TREVOR N. MCFADDEN, United States District JudgeThis case involves a uniquely Washingtonian question: when can a federal employee act in the place of an absent agency or unit head? This issue becomes acute during presidential transitions, when thousands of senior political appointees exit the government, often leaving their positions vacant for months or even years. Congress addressed this question through the Federal Vacancies Reform Act ("FVRA"), 5 U.S.C. § 3345 et seq. , and federal agencies have also developed complicated succession and delegation regulations. As a result, it turns out that, in practice, there are very few duties that cannot be delegated to an "acting" officeholder, the second-in-command (the "first assistant" to use the FVRA's term), or even another official who acts in the place of the principal pursuant to agency regulations or orders.

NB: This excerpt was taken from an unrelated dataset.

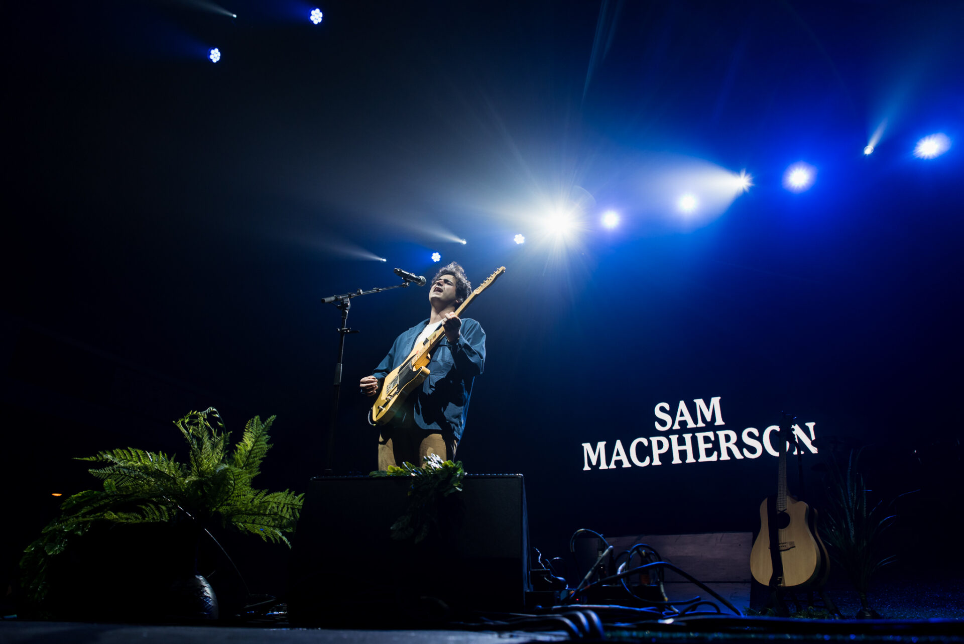 Originally from Red Bank, New Jersey, singer-songwriter Sam MacPherson is now a Los Angeles resident, but his love for his home state is made manifest in his EP, Powerlines, released this April on Elektra Records. This past Friday, July 7, fans at the Shrine Auditorium & Expo Hall in Los Angeles were treated to a set that featured several songs from the EP. It was the final night of the North American leg of Ruel’s 4th Wall Tour; MacPherson had joined Ruel for a run of shows stretching from New York, to Vancouver, and finally wrapping up in Los Angeles.

Here, Stand Up for California!, Patty Johnson, Joe Teixeira, and Lynn Wheat (collectively, "Plaintiffs") challenge the decision of the United States Department of the Interior, its Secretary of the Interior and Acting Assistant Secretary–Indian Affairs in their official capacities, and the Bureau of Indian Affairs (collectively, "Federal Defendants" or the "Department") to acquire land in trust for the Wilton Rancheria Tribe of California ("Wilton Rancheria" or the "Tribe"). The Plaintiffs allege that in delegating to the Principal Deputy Assistant Secretary–Indian Affairs and the Special Assistant to the Director of the BIA the authority to act in the place of the Assistant Secretary–Indian Affairs, the Department violated its own regulations and the FVRA. This Court granted the Wilton Rancheria's motion to intervene. Minute Order, Feb. 24, 2017. Now pending before the Court are the Plaintiffs' motion for summary judgment and the Department's and Wilton Rancheria's (collectively, the "Defendants") cross-motions for summary judgment. As jurisdiction and venue is proper in this Court,1 and upon consideration of the pleadings, relevant law, related legal memoranda in opposition and in support, the parties' representations at oral argument, and the entire record, I find that no genuine issue of material fact exists and that the actions taken by Department employees in lieu of the Assistant Secretary–Indian Affairs (a vacant office at the time) were not in violation of departmental regulations or the FVRA. Accordingly, the Plaintiffs' motion for summary judgment will be denied, and the Defendants' cross-motions for summary judgment will be granted.

I. BACKGROUND

The Wilton Rancheria has been landless for nearly 60 years. Mem. of P. & A. in Opp. to Pls.' Mot. for Summary J. and in Supp. of Wilton Rancheria, California's Cross–Mot. for Summary J. ("Tribe's Cross–Mot. for Summary J.") 5, ECF No. 41. In 2013, the Tribe applied for the Bureau of Indian Affairs ("BIA") to acquire land in trust on its behalf, identifying a 282–acre parcel near Galt, California as the proposed site. See Am. Compl. ¶ 31. After three years of examination of the Galt site, the BIA published a notice of the final environmental impact statement shortly after the November 2016 presidential election, but for a different, 36–acre parcel of land in Elk Grove, California. See id. ¶ 38. As the Plaintiffs understood for the significant majority of the years-long process that the land to be acquired was in Galt, not Elk Grove, the Plaintiffs immediately sought to delay the acquisition of title to the Elk Grove land by making several requests to the Secretary of the Interior ("Secretary"). Id. ¶¶ 38, 40. When the Plaintiffs' requests were refused, they filed suit in this District, seeking a temporary restraining order and preliminary injunction against the Department to prevent acquisition of title to the land. Id. ¶ 41. Another judge of this District denied the motions, after which the Plaintiffs formally applied to the Department for a stay under 5 U.S.C. § 705. Minute Order, Jan. 13, 2017; Minute Order, Jan. 17, 2017; Am. Compl. ¶ 43.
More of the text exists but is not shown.